For a sequence $S =(s_1,\cdots,s_n)$, is it correct to write $s_x \in S$ when I want to check if element $s_x$ is an element in the sequence $S$. Also, when adding a new element to a sequence, is it correct to write $S = S \cup s_x$
On
If you want to be absolutely correct, then to denote that $s$ is an element of the sequence $S=(s_1,\dots,s_n)$, you could write that there is an $i\in\{1,\dots,n\}$ such that $s=s_i$. I think $s\in S$ is a little bit weird, but not totally uncommon. Especially if you state what you mean by it, there should be no confusion. I would personally just say that $s$ is an element / coordinate of $S$.
For adding a new element to the sequence, as was mentioned in the comments, $S=S\cup s$ looks very wrong. As was also mentioned in the comments, it is not clear enough to say you want to add the value to the sequence: where do you want to place the new value?
If you mean extending the sequence by putting an extra value at the end, then there is a symbol for string concatenation, namely the "frown": $S^\frown T$. So you could write $S^\frown (s)$, or $S^\frown s$. It is probably also best to explain here what you mean by your notation instead of assuming everyone knows what you mean. The safest bet would be to write out explicitly what you mean.
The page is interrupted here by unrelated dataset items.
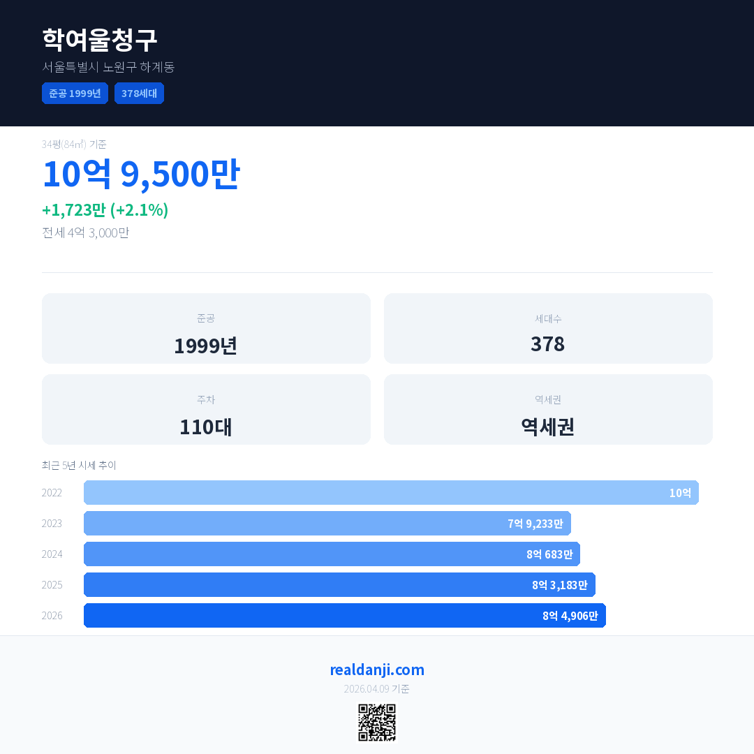 학여울청구은(는) 1999년에 준공되었으며, 현재 27년차입니다. 총 378세대 규모입니다.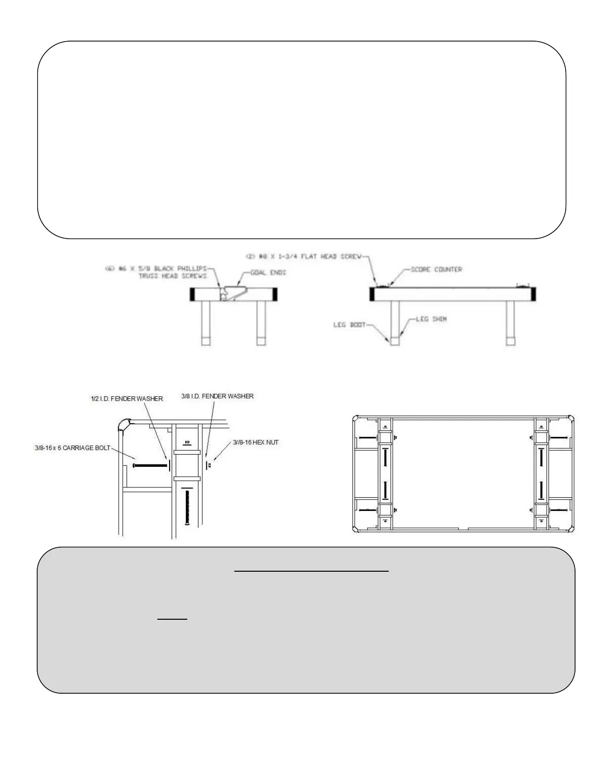 6. Attach the score beads on each end of the table as shown, using (2) #8 x 1½” screws.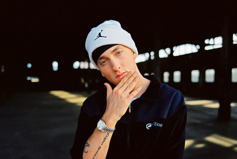 This is the closest you can come to finding a picture of Eminem smiling on the internet.
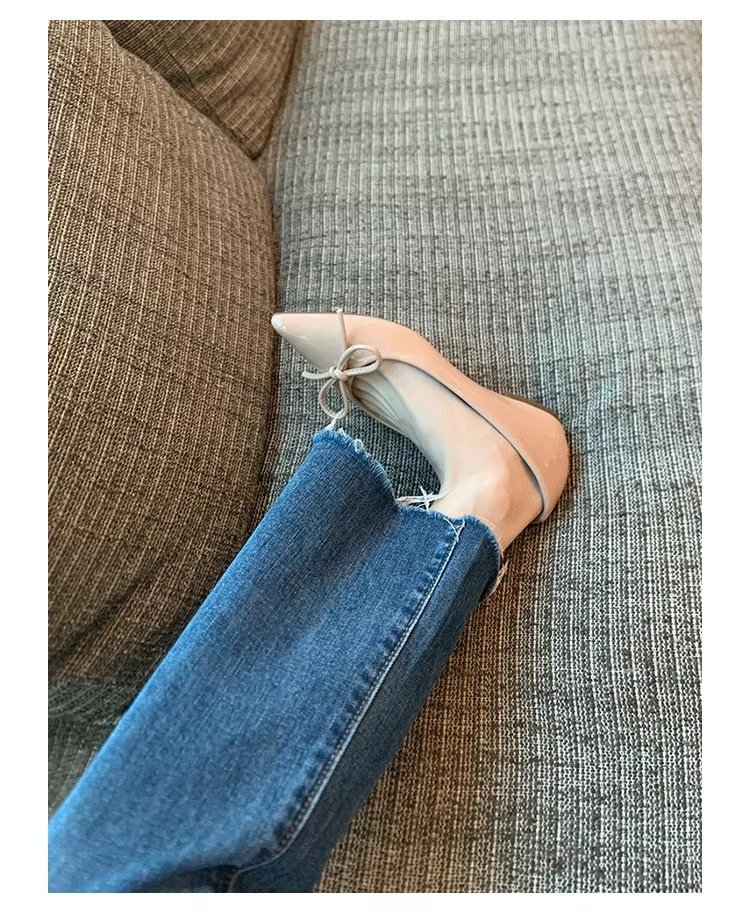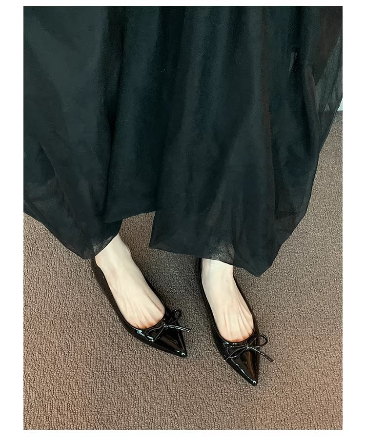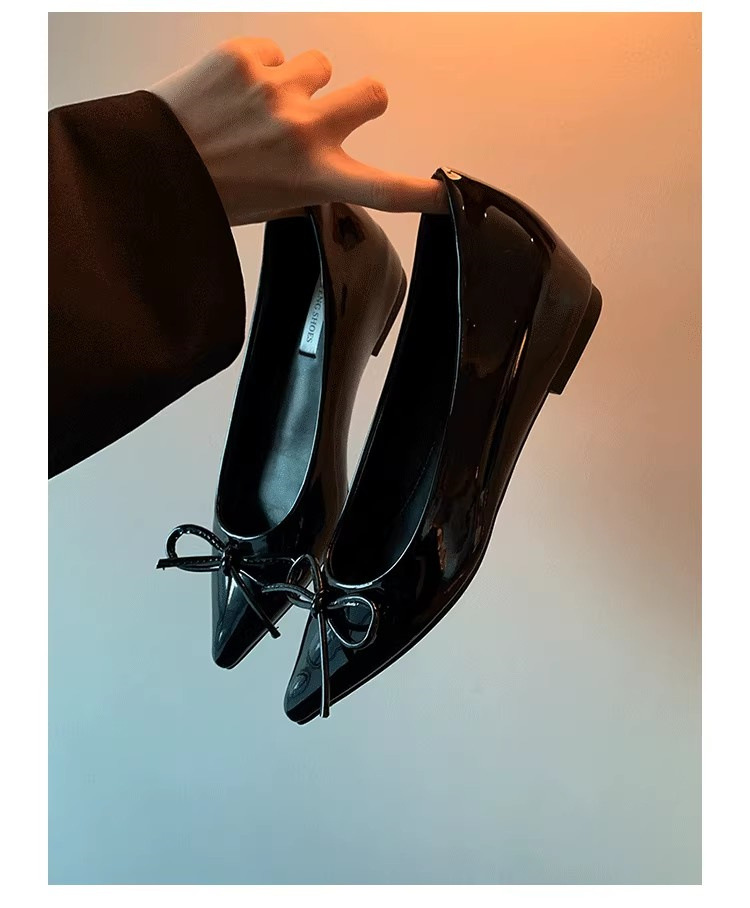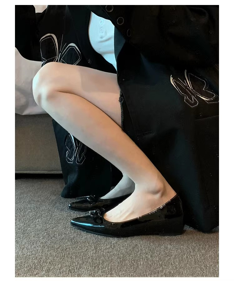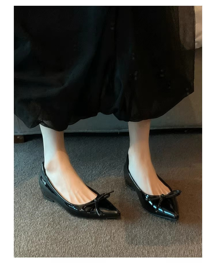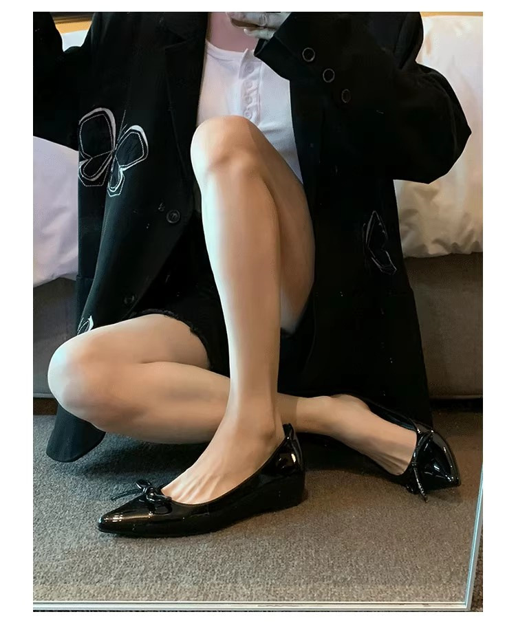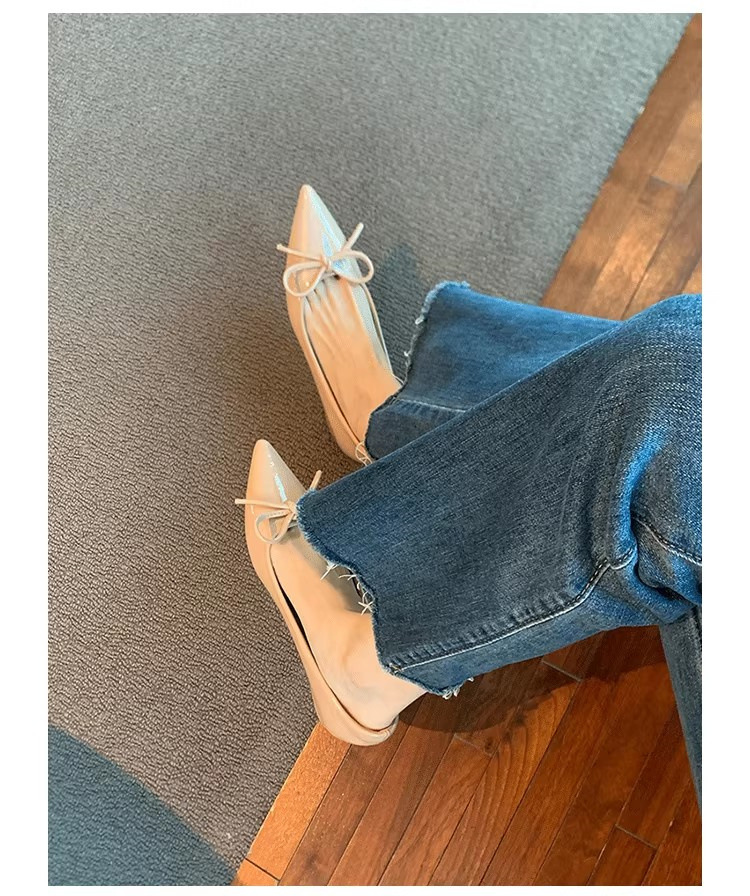 봄과 가을 누드 컬러 포인티드 토 보우 여성용 플랫 슈즈 2025 신상 펌프스 슈즈 젠틀 이브닝 슈즈스토어 가기

If you want to place the new element somewhere in the middle, it is probably best to just define the new sequence as $(s_1,\dots,s_j,s,s_{j+1},\dots,s_n)$.
On
I know this is an old post, but I was doing something similar: I guess your reason of wanting to write someting like $S = S \cup s_x$ is partially because you do not want an index (a "traditional" one at the lower right of the indexed symbol) for $S$ to indicate change because you might have several sequences that you want to add to and you would use that for distinction. But I think it is a wrong notation as the 2 sides are not equal, and in math we should not write such a thing as in programming languages.
Here is a related answer of mine regarding sets. In case of sequences, we can define $v\in\mathbb{N}$ for the state, $S^0=()$ for the initial empty sequence, and the addition based on this and Vsotvep's answer and other sources online can be $$S^{v+1}=S^v\frown\left(s_x\right)$$
This way you can have several of these sequences all denoted by $S$, and having the above mentioned "traditional" index for distinction.
Note that a sequence $\{s_n\}$ is a function whose domain is the set of natural numbers
$ s_n$ is the value assigned to $n$ If you add a term to the sequence you change the function so you have to define the new function.
Adding a new term to the sequence is fine as long as you redefine your sequence.